— Тогда зачем мы провели церемонию? К чему все эти долгие переговоры?
— Они ничего не значат. То, что одобрено на одной церемонии, на другой можно отменить. Уверен, что вам сие известно! Это едва ли не главное правило королевской власти. Мы устроили официальное обручение лишь для того, чтобы выиграть время и показать испанцам наши добрые намерения.
— Каковые на самом деле не являются ни добрыми, ни благими, ни честными…
Мимо нас, кружась в пенном водовороте, опять проплыло дохлое животное. От него шел мерзкий запах. Все казалось мне прогнившим: река, воздух, да и сам отец. Все, кроме принцессы.
— Испанцы обманули нас с приданым. Ваше обручение основано на обманных маневрах и ложных толкованиях. И я сомневаюсь в том, что дело завершится к взаимному удовлетворению. Более того, как я уже сказал, до свадьбы вряд ли дойдет.
— Неужели принцесса… согласилась… на такое жульничество?
— Она ничего не знает.
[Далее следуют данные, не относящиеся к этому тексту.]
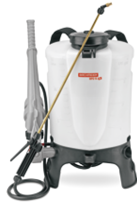
RPD 15 ABR Art.No. 11924701

Лишь делает то, что ей велят. Как должно поступать и вашему высочеству.
Я до боли в пальцах стиснул резные перила.
Мне не хотелось подчиняться подобным приказам.
IX
Но ничего другого не оставалось. Отцовские распоряжения приходилось выполнять. Я не мог отправить весточки Екатерине, ведь кто-то должен был стать моим посыльным, однако королевские слуги не осмеливались нарушать волю короля. Должен признать, что такая преданность произвела на меня впечатление. Отцу верно служили.
* * *
Близился мой четырнадцатый день рождения, но никто даже не вспоминал о предстоящей свадьбе. Вместо этого я готовился к скромному празднованию по случаю достижения дееспособного возраста. (Говоря дипломатическим и официальным языком, в четырнадцать лет уже разрешалось подписывать документы, жениться и вступать в права наследования, если, конечно, имелось само наследство.)
Хотя до самого того дня, до двадцать восьмого июня, я еще считался ребенком, и со мной именно так и обращались.
Накануне вечером отец вызвал меня и безапелляционным тоном велел мне переодеться и быть готовым к поездке в город. Он не стал объяснять, куда именно мы отправляемся и почему в столь позднее время.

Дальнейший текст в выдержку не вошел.